On Twitter, Councilmember Vanessa Fuentes (District 2) called HB 2127 a "wolf in sheep's clothing."

"It’s disguised as a measure for consistency when, in reality, it seeks to undermine local governance. The state has FAILED to fulfill its responsibility to govern, leaving municipalities to address crucial public policies," Fuentes posted. "It is our responsibility as local policymakers to protect our constituents' rights & safety. This super preemption bill undermines and chips away at our hard-fought progress, leaving our working families exposed and vulnerable."

She went on to say that the Legislature seems "more interested in stripping away local authority rather than focusing on issues that truly matter, such as ensuring the safety of our kids, expanding access to health care, and adequately funding our public education system."

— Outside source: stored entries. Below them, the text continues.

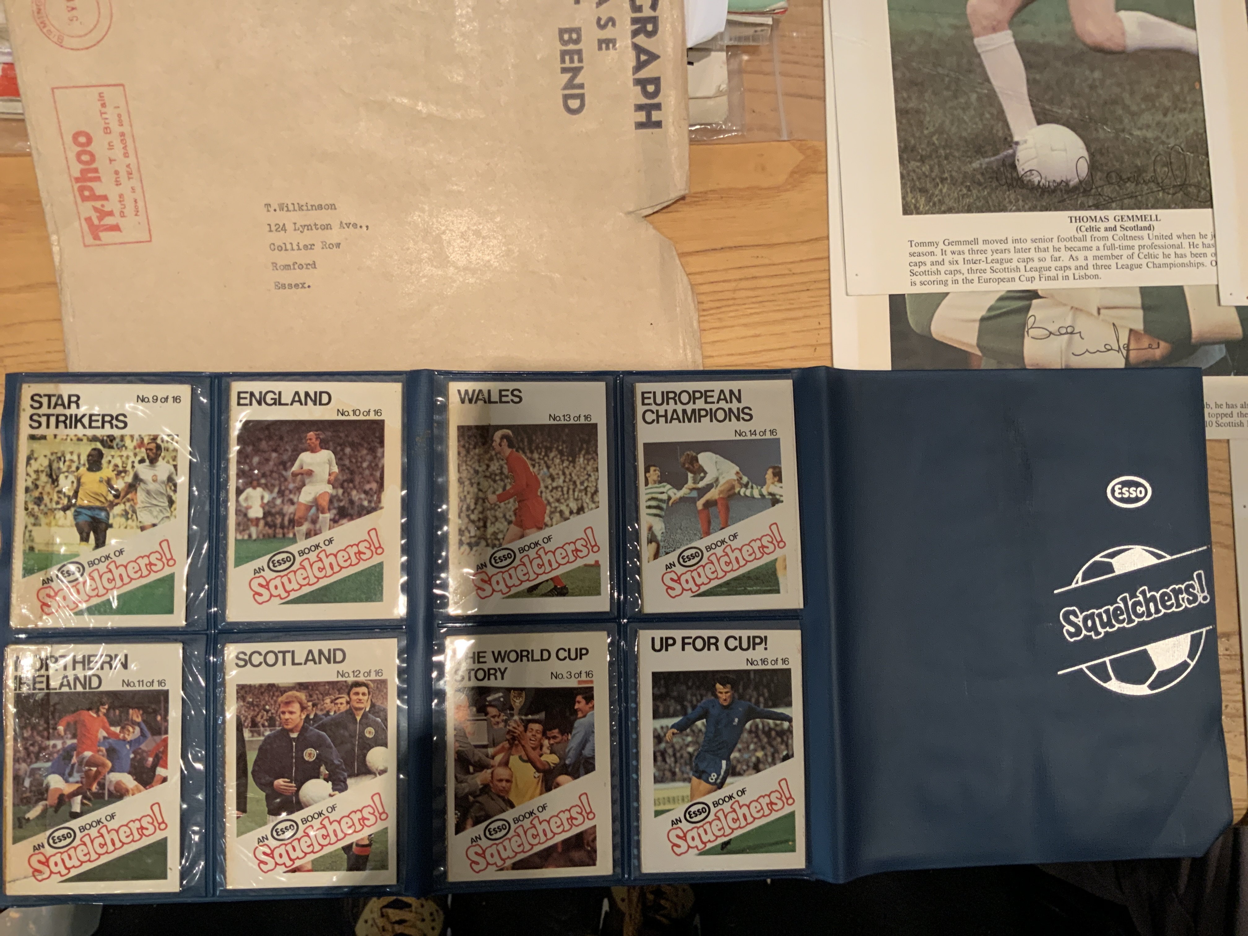 Typhoo Large Football Tea Cards: Whilst in good condition these 47 cards have pin holes in corners where previously displayed. Includes 2 different Bobby Moores and George Bests. C/W full set of Squelchers in original album.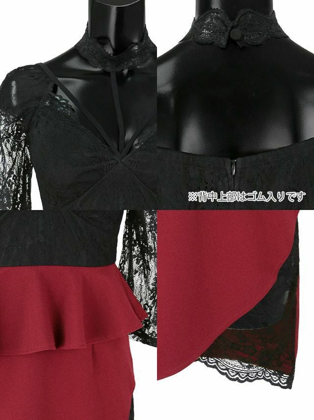 タイトミニドレス谷間大きいサイズブラックレースストレッチ袖あり七分袖ペプラムチョーカーバイカラーのサイドバック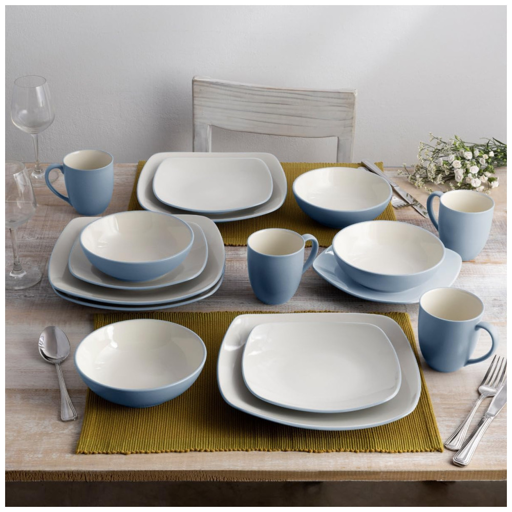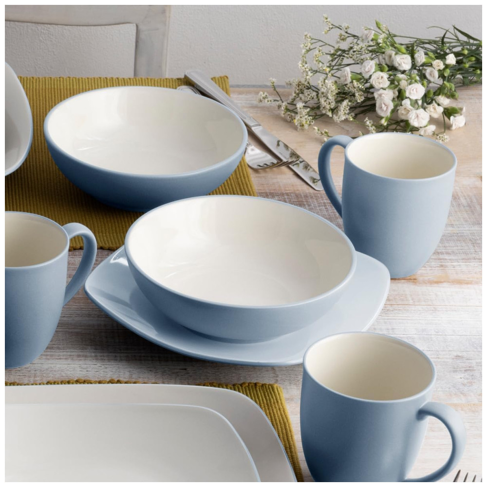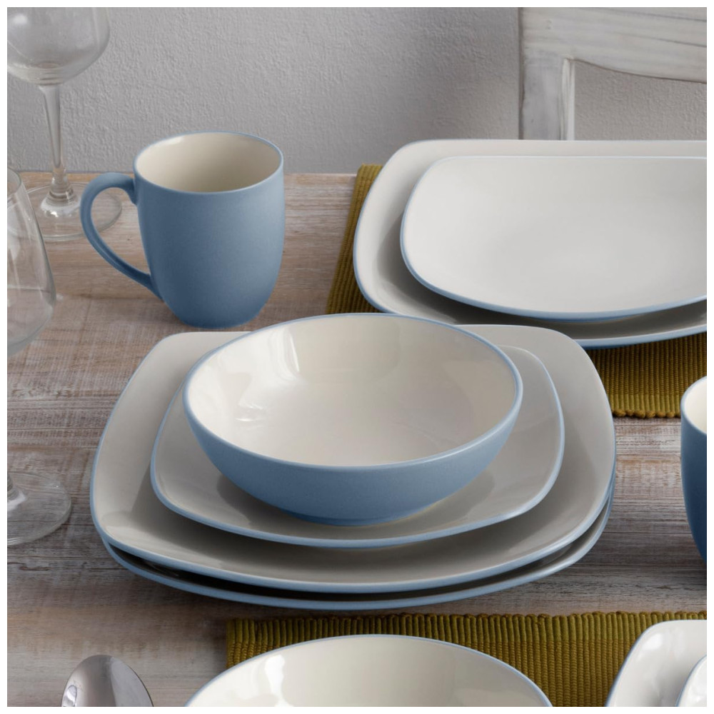 Aparelho de Jantar para Todas as Ocasiões Elegância e Sofisticação para Sua Mesa com 16 Peças Formato Quadrado e Material de Cerâmica Noritake Azul Claro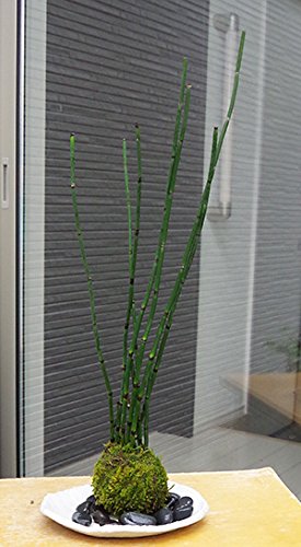 きりりとした立ち姿【トクサの苔玉・楕円白粉引器セット】 (敷石の色(黒))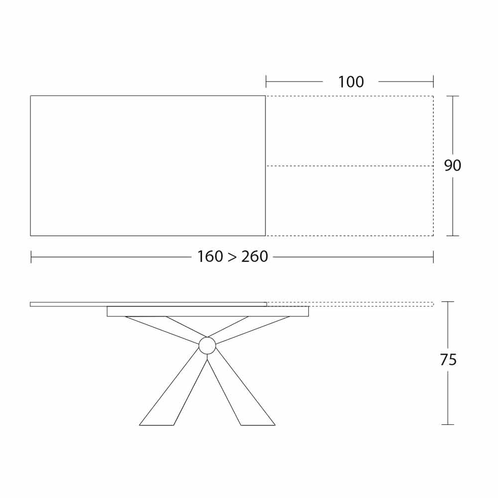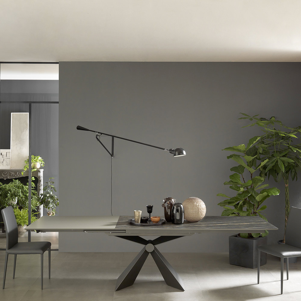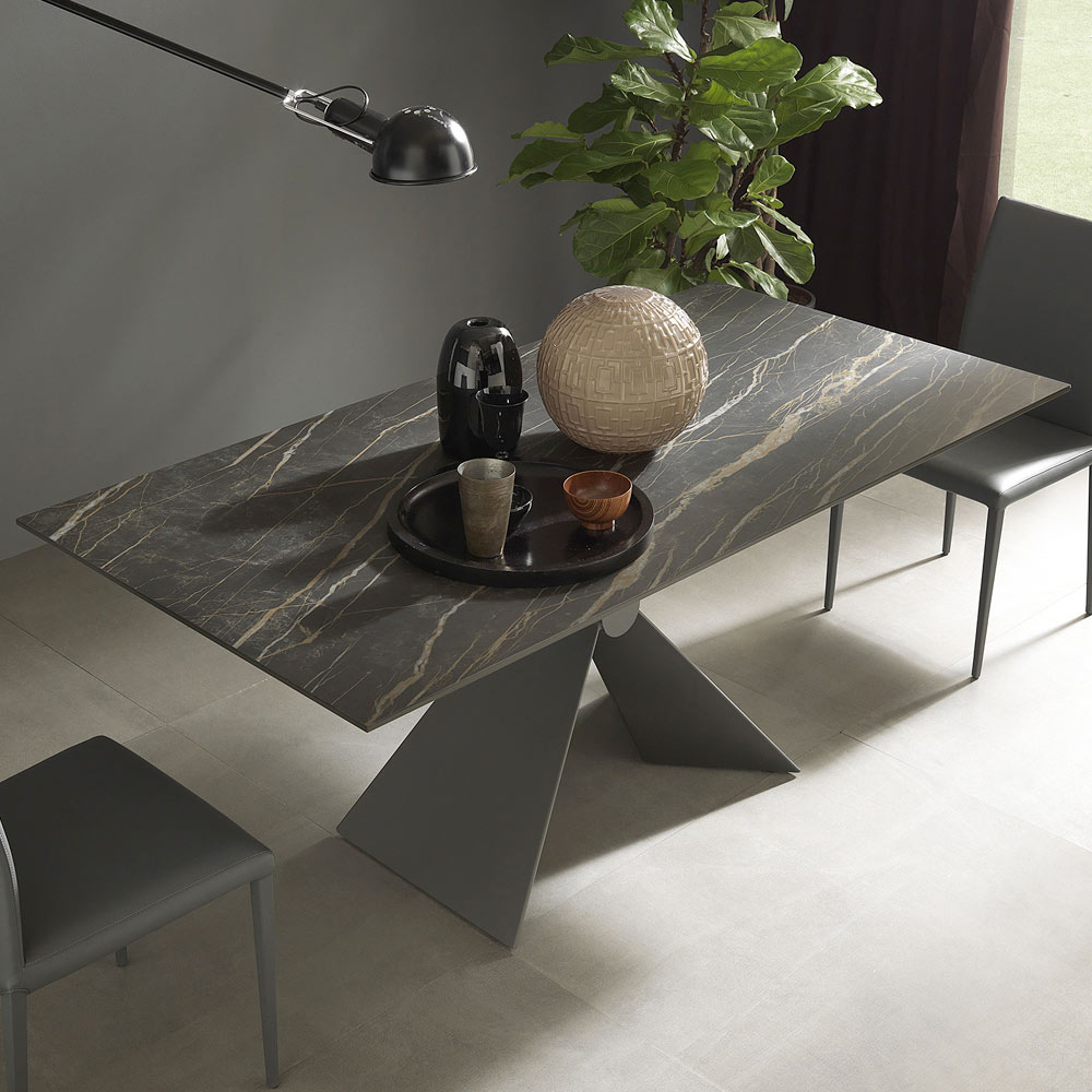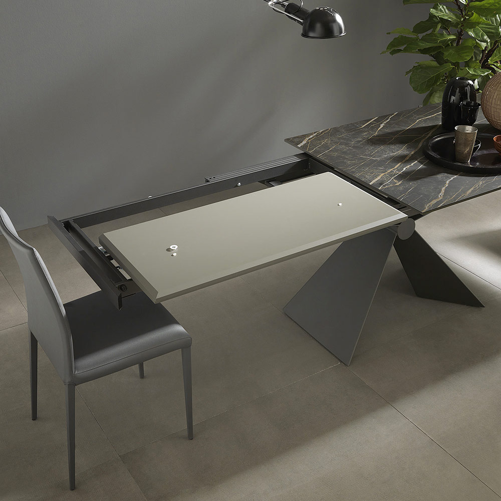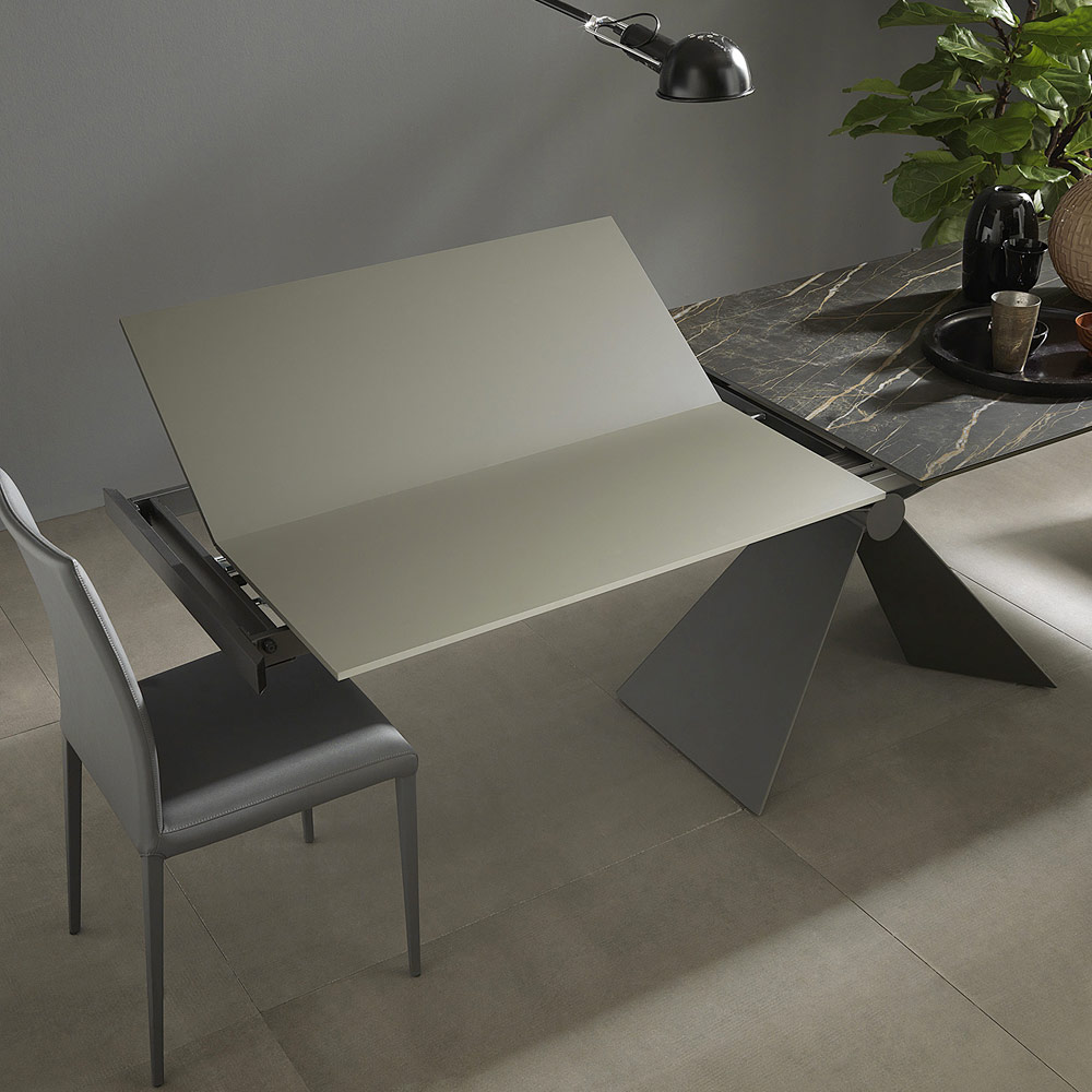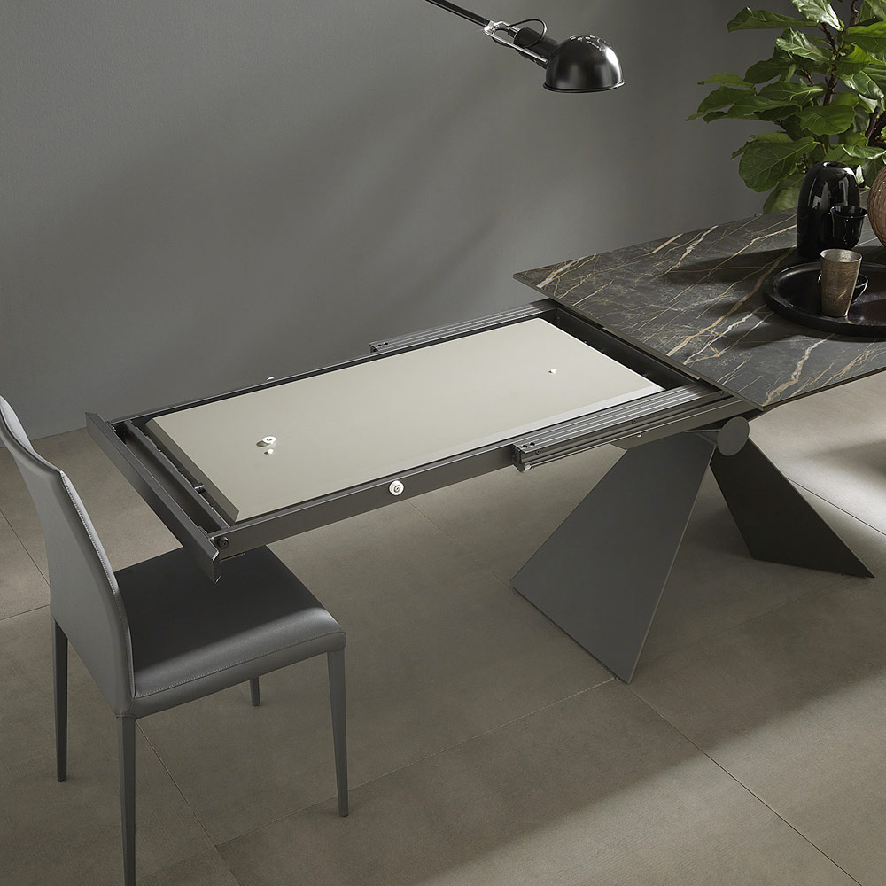 Moderne uitschuifbare eettafel van keramiek en metaal Made in Italy.

The Texas AFL-CIO, a state labor federation, slammed the Senate's move in a press release on Monday. The group said in part  the bill would "destroy ordinances and rules and prevent future ones on worker rights, workplace safety, consumer protection, and much more."

Rick Levy, president of AFL-CIO, added that he believes eliminating local ordinances like safety training and rest breaks for construction workers is "not only cruel but dangerous."

"There are so few protections for workers in this state," Levy said. “We are the deadliest state to work in. The Legislature has no business actively stripping away what protections we have and further threatening our health and safety.”

But supporters of the bill have said local regulations create a patchwork of different rules across the state that can weigh heavy on business owners and ultimately harm the state's economy.

State Sen. Brandon Creighton, who is carrying the bill in the upper chamber, said on Monday that HB 2127 is about reining in city leaders that exceed their authority.

"Our businesses are panicking, coming in to our hearings and calling in to our offices saying we have to lay people off," Creighton said. "We cannot keep up with the compliance differences up and down [Interstate Highway] 35 alone in the different municipalities that have set these different ordinances."

HB 2127 did not receive a complete party line vote. Republican State Sen. Robert Nichols told KVUE he voted against the bill simply because he spent nine years as a councilmember and the mayor of Jacksonville, Texas, respectively.

Former Travis County judge and now sate senator, Sarah Eckhardt, spoke ahead of Tuesday's final vote. She said local leaders need the ability to pass regulations to keep their communities safe.

"When we are silent and the locals step in – because we've failed to act – this bill will tie their hands and even punish them for attempting to pick up our slack," Eckhardt said.

If Gov. Greg Abbott signs HB 2127, it will take effect on Sept. 1.